It is staggering. It is horrifying. But, then again, it isn’t. It is what we have come to expect of this war and those who have misled our nation into it.
According to the Washington Post, the commanding officer of the battalion involved in the Haditha massacre last November told military investigators “he did not consider the deaths of 24 Iraqis, many of them women and children, unusual and did not initiate an inquiry.”
And the New York Times reported last week on the felony assault conviction of David Passaro, a CIA contractor accused of beating an Afghan prisoner for two days with “a flashlight and his fists” until the man pleaded to be shot and then died the following day.
These two stories reveal – once again – the lack of accountability and prosecution up the chain of command. Those who sit on high have attempted to erase such “quaint” legal restraints as the Geneva Conventions while blaming the lowest ranking soldiers for waging the war they have created.
In June, Robert Jay Lifton, esteemed psychiatrist and author of many books including Crimes of War: Iraq, wrote in Editor and Publisher of the corrupting nature of the occupation and counterinsurgency in Iraq: “To attribute the likely massacre at Haditha to ‘a few bad apples’ or to ‘individual failures’ is poor psychology and self-serving moralism.
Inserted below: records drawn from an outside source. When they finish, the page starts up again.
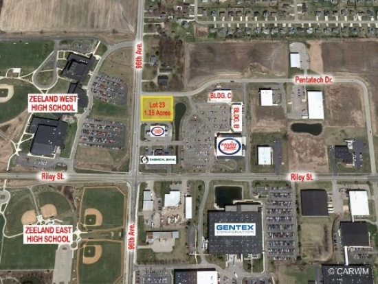 Nice, 1.35 acre lot located on the northwest corner of E. Washington and N. Centennial Street in the city of Zeeland. Zoned C-3 Highway Commercial.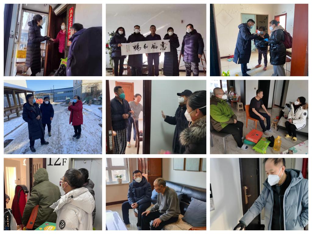 为深化巩固我为群众办实事的成果,帮助困难群众温暖过节,1月4日上午,党委书记杜影带队,与校领导班子成员前往永兴街道聚业社区、永顺社区、远洋社区包保楼栋的住户家,为特殊群众、空巢老人送去了大米、豆油、爱心抗疫包等慰问品,并送去了新春祝福。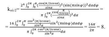 Вычислим значения коэффициентов пересчета для двух реальных антенн с высотой подвеса над землей h=λ/2, полуволнового симметричного вибратора и волнового симметричного вибратора.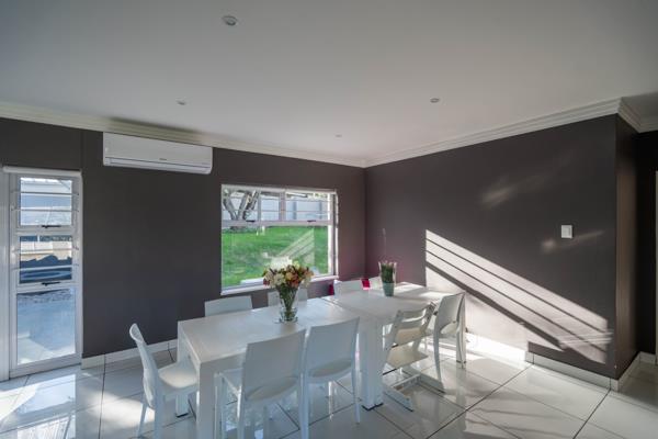 A dedicated study provides the perfect work-from-home solution. Outdoor living is a highlight, with a covered braai and firepit zone, a second sheltered patio, and an enclosed garden with mature trees ideal for kids, pets, and weekend entertaining. Additional features include aluminium windows, tiled and vinyl flooring, a prepaid electricity meter, two water tanks with a pressure pump, and secure off-street parking behind perimeter walling.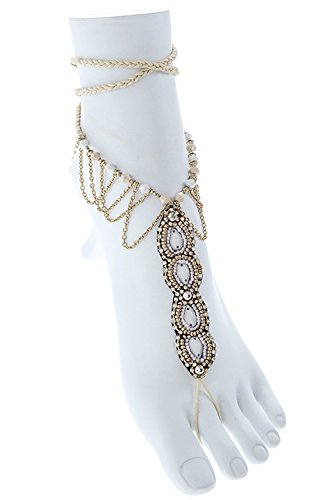 -. Title : KARMAS CANVAS FAUX JEWELED TEARDROP SEED BEAD TOE ANKLET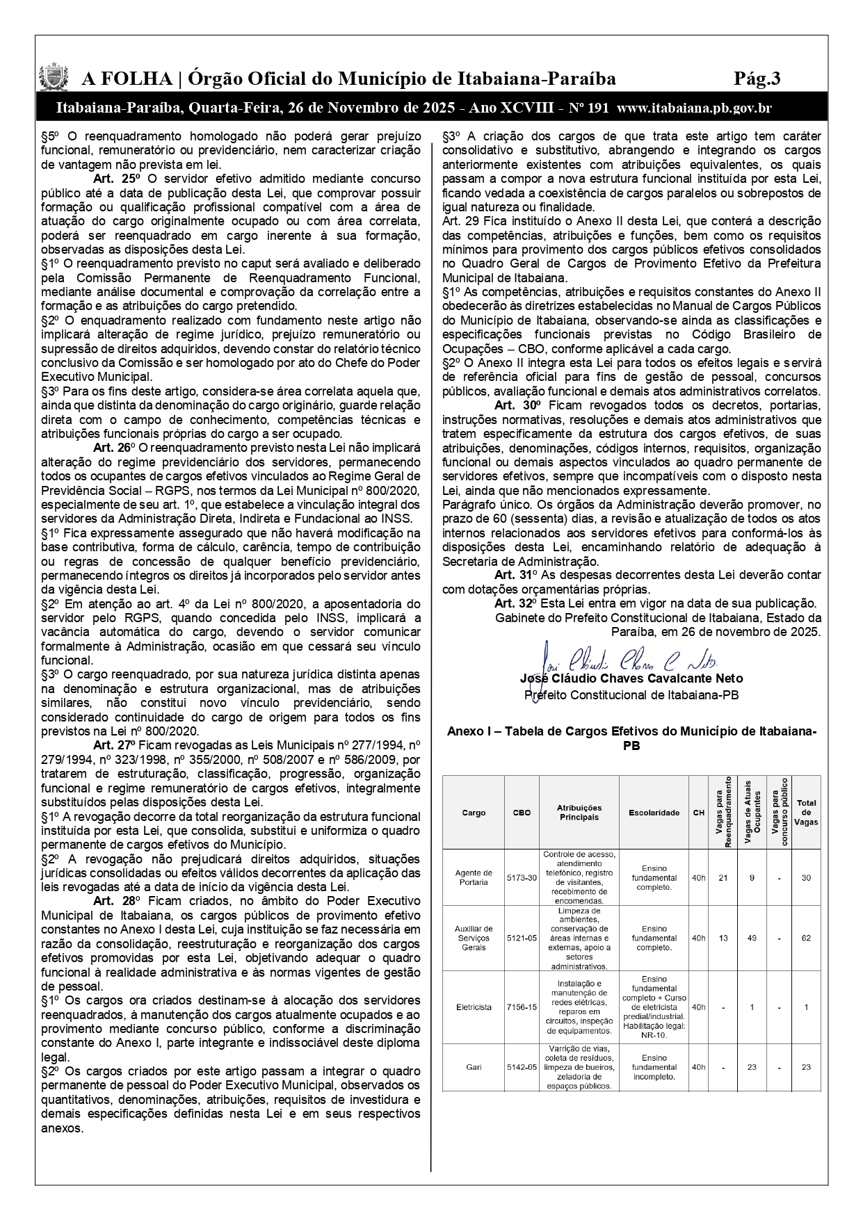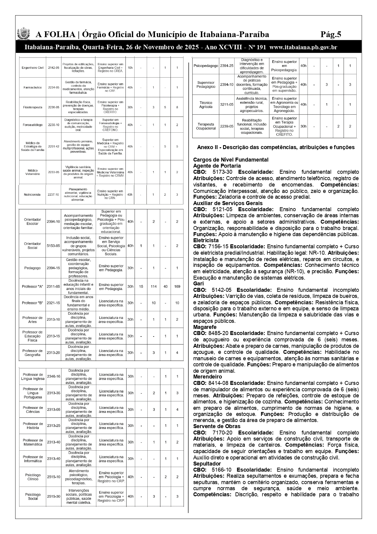 A reportagem verificou que o quadro total de vagas previstas no concurso da Prefeitura Municipal de Itabaiana consta na lei Nº 950/2025, enviada pelo poder Executivo à Câmara e aprovada pela casa Dr. Antônio Batista Santiago.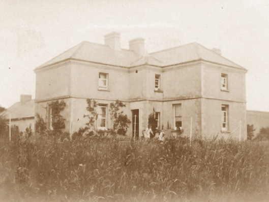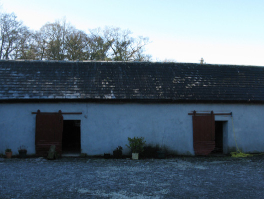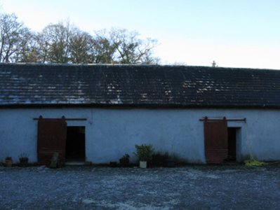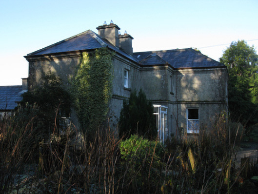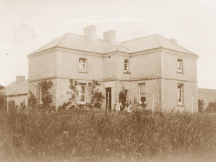 Detached three-bay two-storey farmhouse, built 1900[?]; occupied 1901, on an F-shaped plan centred on single-bay full-height breakfront on a square plan abutting single-bay (two-bay deep) two-storey projecting end bay. Hipped slate roof on an L-shaped plan centred on pyramidal slate roof with lead-covered roll moulded clay ridge tiles, paired rendered central chimney stacks on chamfered bases having stepped capping supporting terracotta pots, and cast-iron rainwater goods on tooled cut-limestone "Cavetto" cornice retaining cast-iron octagonal or ogee hoppers and downpipes. Part creeper- or ivy-covered fine roughcast walls on rendered chamfered plinth with tooled cut-limestone quoins to corners. Square-headed central door opening with concealed dressings framing timber panelled door. Square-headed window openings with drag edged dragged cut-limestone sills, and concealed red brick block-and-start surrounds framing one-over-one timber sash windows. Interior including (ground floor): entrance hall retaining carved timber surrounds to door openings framing timber panelled doors; and carved timber surrounds to door openings to remainder framing timber panelled doors with carved timber surrounds to window openings framing timber panelled shutters. Set in landscaped grounds with wrought iron "bird cage" piers to perimeter supporting looped flat iron double gates.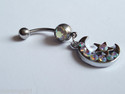 Moon and Star Shimmering Crystal Stones Navel Ring belly Button steel 316L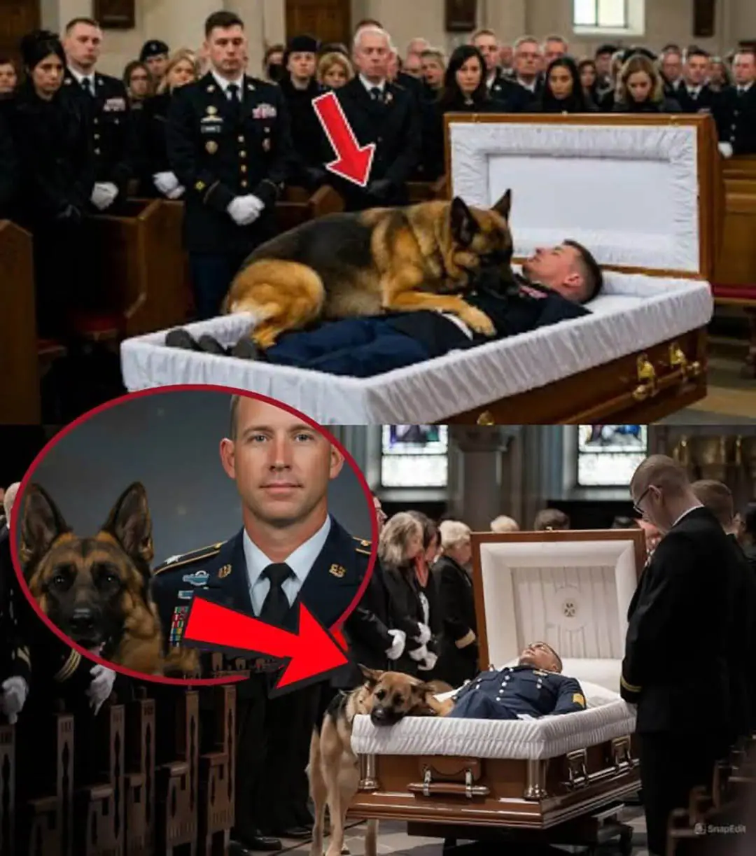 Tout au long des funérailles, Rex est resté digne, calme, presque stoïque. Le drapeau, les discours, la sonnerie funèbre : tout se déroulait avec respect. Mais lorsque l’heure fut venue de s’approcher du cercueil, tout a changé.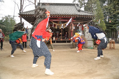 概要 | 大八木町諏訪神社獅子舞の起源は、古文書等が残されておらず不明であるが、大八木町諏訪神社が「信州諏訪」「和州高市郡天の香具山」「濃州醒ヶ井の日本武尊」の三ヵ所から分霊を移した時に獅子舞を奉納したとあり、現在使用している獅子頭の裏に、墨書で「宝暦10年10月7日当国碓氷郡下豊岡村彫刻師鈴木与七作」と書かれていることから、少なくとも宝暦10年(1760)以前には獅子舞が行われていることが分かる。また、それ以前に作られたと思われる獅子頭も見つかっており、現在は修理し、二組の獅子頭が使用されている。 近隣の獅子舞と違い舞の構成など戯曲化されておらず、農耕民俗芸能の特長をよく残している。流派は判官流。一人立連舞形式で笛方の曲に誘導されて獅子自らが腰の太鼓を打って舞踏する。 通常は赤鬼、青鬼の2人が舞の開始前に霞新流の棒術を行い、大黒様の悪魔祓いのかけ声に舞方が円形を成し、舞を行う。舞は獅子頭をつけた前獅子・中獅子・後獅子の3人と、天狗面と鳥甲をかぶったカンカチ1人、大黒面をつけた大黒様1人の5人で構成される。 【大八木町の獅子舞】高崎市 |
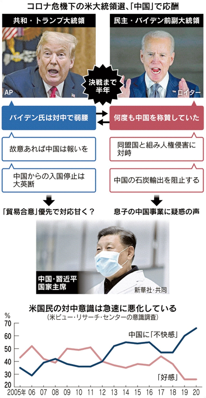 米大統領選 対中 競う皮肉 コロナ禍で迫る危険水域 日本経済新聞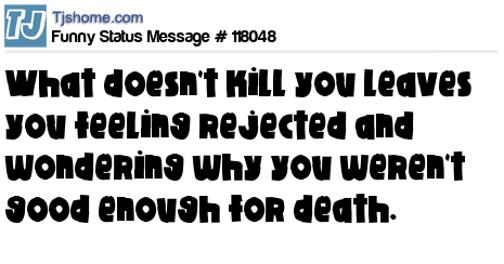 X says What doesn't kill you leaves you feeling rejected and wondering why you weren't good enough for death.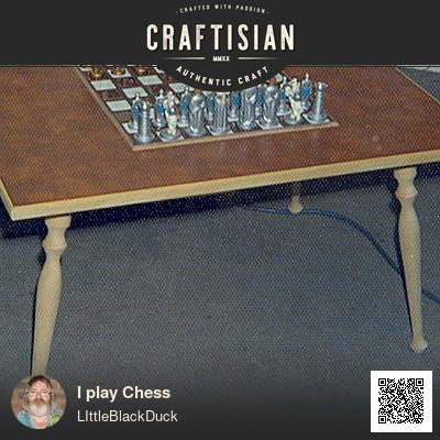 Chess table made in 1977. Bought legs, chipboard tabletop lined with vinyl, white and brown tiled chess board, with hardwood banding.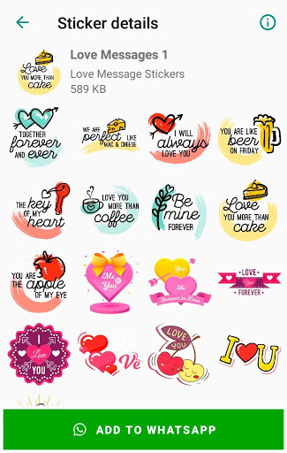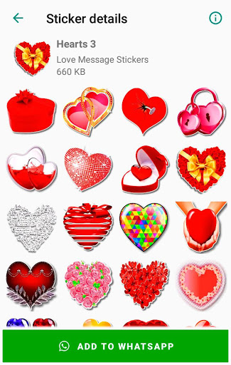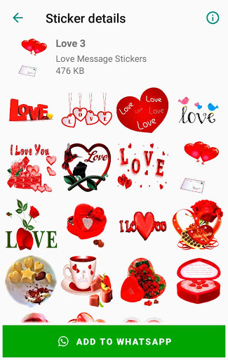 Love Message Stickers is a collection of the best love stickers that can be easily shared with boyfriend/girlfriend on WhatsApp and on social networks.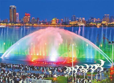近年來,南昌市推出特色美食、文化演藝、旅游觀光等多元化夜間經濟消費新場景、新業態,傾力打造一張張“夜經濟”名片。圖為6月20日,南昌市秋水廣場,噴泉隨著音樂的旋律起舞,為市民和游客奉上一場視覺與聽覺的盛宴。(記者 吳文兵攝)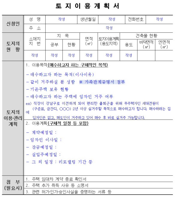 대책 이후 새롭게 토지거래허가구역으로 묶인 지역에선 앞으로 부동산을 거래하는 경우 이 서류들을 어떻게 작성해야 하는지 궁금해하는 국민들이 적지 않다. 이런 상황에서 가장 오랜 기간 토지거래허가제를 적용받아온 자치구인 강남구가 제시한 신청서 견본이 퍼지면서 국민 불만이 속출하고 있다.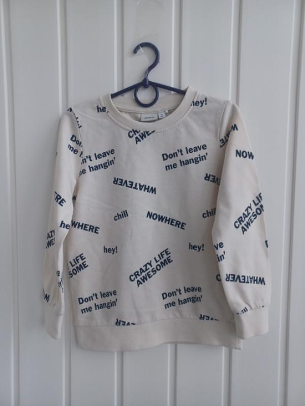 Дитячий світшот в ідеальному стані. Дуже класно виглядає на дитині. Колір - молочний. Розмір 110 см на 5 років. Бренд Name it, склад: 35% бавовна, 65% поліестер.

To be sure, individual soldiers and civilians who participated in it are accountable for their behavior, even under such pressured conditions. But the greater responsibility lies with those who planned and executed the ‘war on terrorism’ of which it is a part, and who created, in policy and attitude, the accompanying denial of the rights of captives (at Abu Ghraib and Guantanamo) and of the humanity of civilians (at Haditha).”
This administration’s barbaric tactics include undermining the Geneva Conventions, seeking to justify the use of torture, and lying its way into a war that has led to immeasurable suffering and loss of life. In word and deed, it has done unprecedented and perhaps irreparable harm to our constitution, our country–and our troops.
Lifton assigns guilt exactly where it belongs: “Psychologically and ethically, responsibility for the crimes at Haditha extends to top commanders, the secretary of defense, and the White House. Those crimes are a direct expression of the kind of war we are waging in Iraq.”
There is a need for a real investigation – not a whitewash – of the real perpetrators of this catastrophic war. Such an investigation will never occur unless we vote for real change this November.